Information supplied —
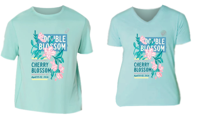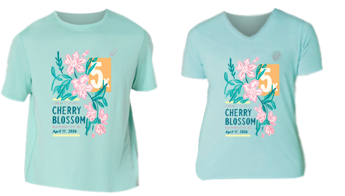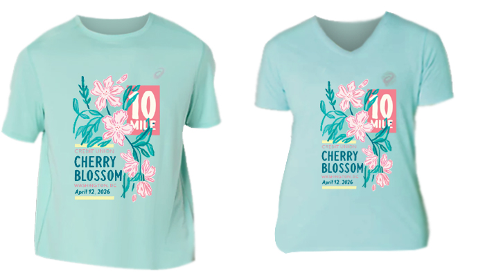 Participant short-sleeved T-shirts are given to all 10 Mile and 5K entrants. At registration, participants are given the option of taking the free cotton t-shirt or purchasing an ASICS technical short-sleeved t-shirt for $20 in place of the cotton shirt. (Note that Double Blossom runners are given the option to upgrade to a technical Double Blossom t-shirt, and may also purchase a 10 Mile and/or 5K technical t-shirt for $20 each). The upgrade shirts come in crew neck for men and V-neck for women.
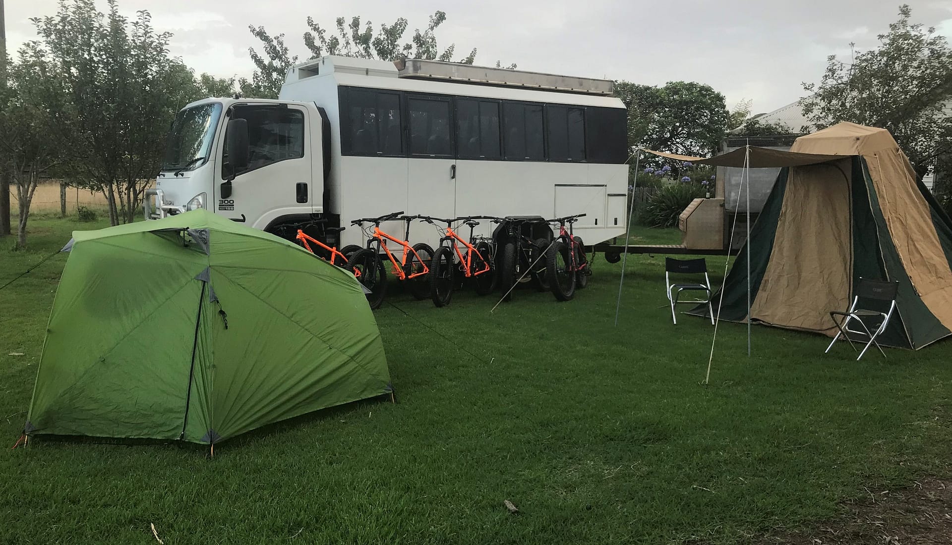 Our purpose built trailer is equipped with bike storage, a number of fridge/freezers and excellent camp kitchen.
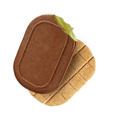 Soft pistachio cream enclosed in a fragrant two-flavor wafer
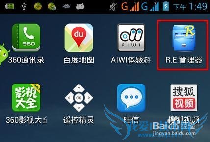 1.准备工作,首先前提就是我们的手机必须先获取root权限(怎么获取root在我分享另一篇文章里,不会的盆友们记得去看哦),然后需要我们下载一个“RE文件管理器”(百度应用里就有哦,不知算不算是给百度打广告那,哈哈,怕)。
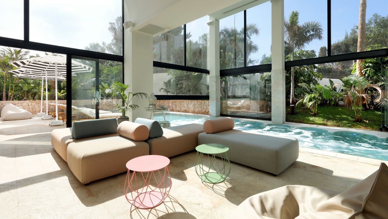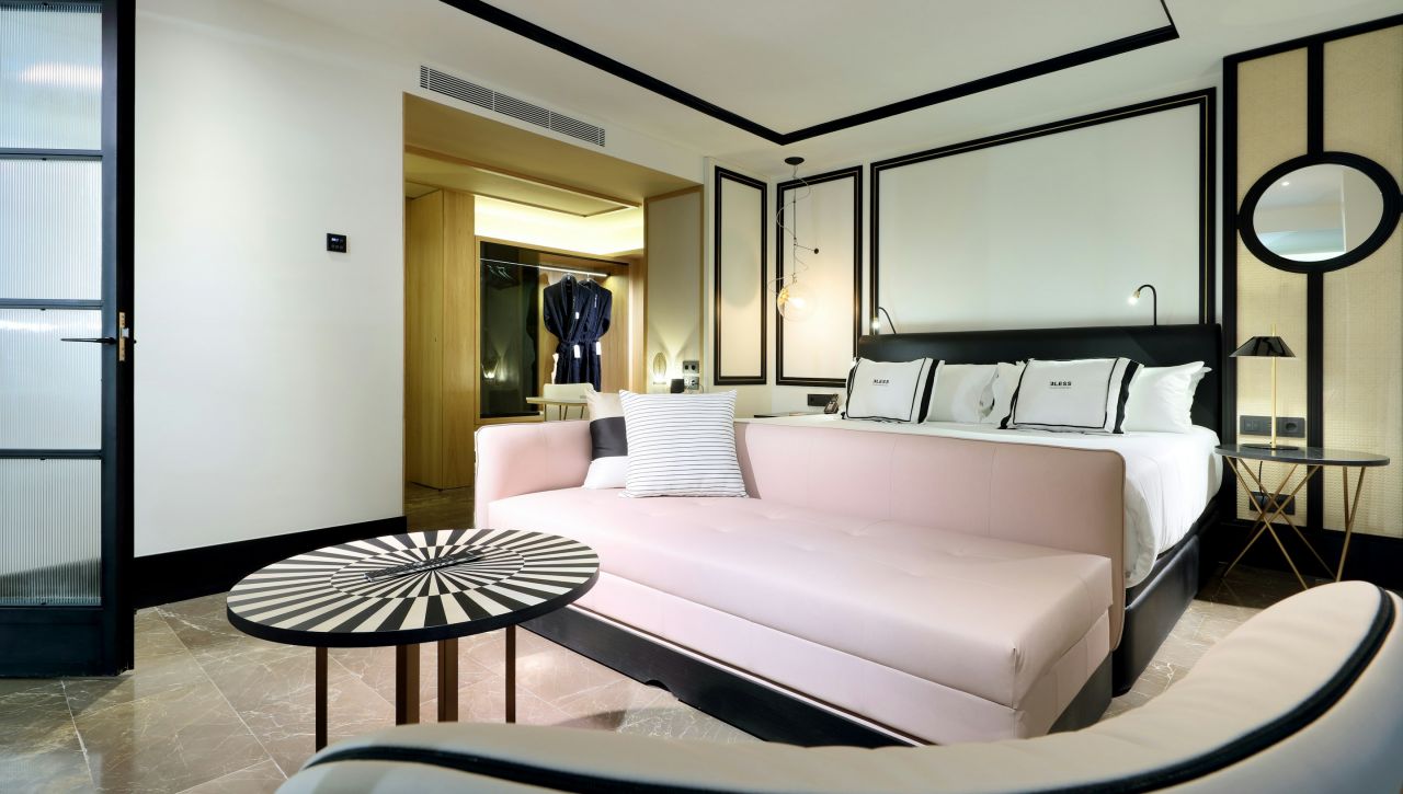 Bless Hotel Ibiza je moderní lifestyle hotel, který klade důraz na design, estetiku a detaily. Interiéry kombinují středomořský styl s prvky současného luxusu a inspirací haute couture. Celý hotel působí stylově, elegantně a zároveň uvolněně – typická „chic Ibiza“ atmosféra.

Problem — Nothing but the pictures should be left out when the records are retyped exactly.

Exercise result —
 Participant short-sleeved T-shirts are given to all 10 Mile and 5K entrants. At registration, participants are given the option of taking the free cotton t-shirt or purchasing an ASICS technical short-sleeved t-shirt for $20 in place of the cotton shirt. (Note that Double Blossom runners are given the option to upgrade to a technical Double Blossom t-shirt, and may also purchase a 10 Mile and/or 5K technical t-shirt for $20 each). The upgrade shirts come in crew neck for men and V-neck for women.
 Our purpose built trailer is equipped with bike storage, a number of fridge/freezers and excellent camp kitchen.
 Soft pistachio cream enclosed in a fragrant two-flavor wafer
 1.准备工作,首先前提就是我们的手机必须先获取root权限(怎么获取root在我分享另一篇文章里,不会的盆友们记得去看哦),然后需要我们下载一个“RE文件管理器”(百度应用里就有哦,不知算不算是给百度打广告那,哈哈,怕)。
 Bless Hotel Ibiza je moderní lifestyle hotel, který klade důraz na design, estetiku a detaily. Interiéry kombinují středomořský styl s prvky současného luxusu a inspirací haute couture. Celý hotel působí stylově, elegantně a zároveň uvolněně – typická „chic Ibiza“ atmosféra.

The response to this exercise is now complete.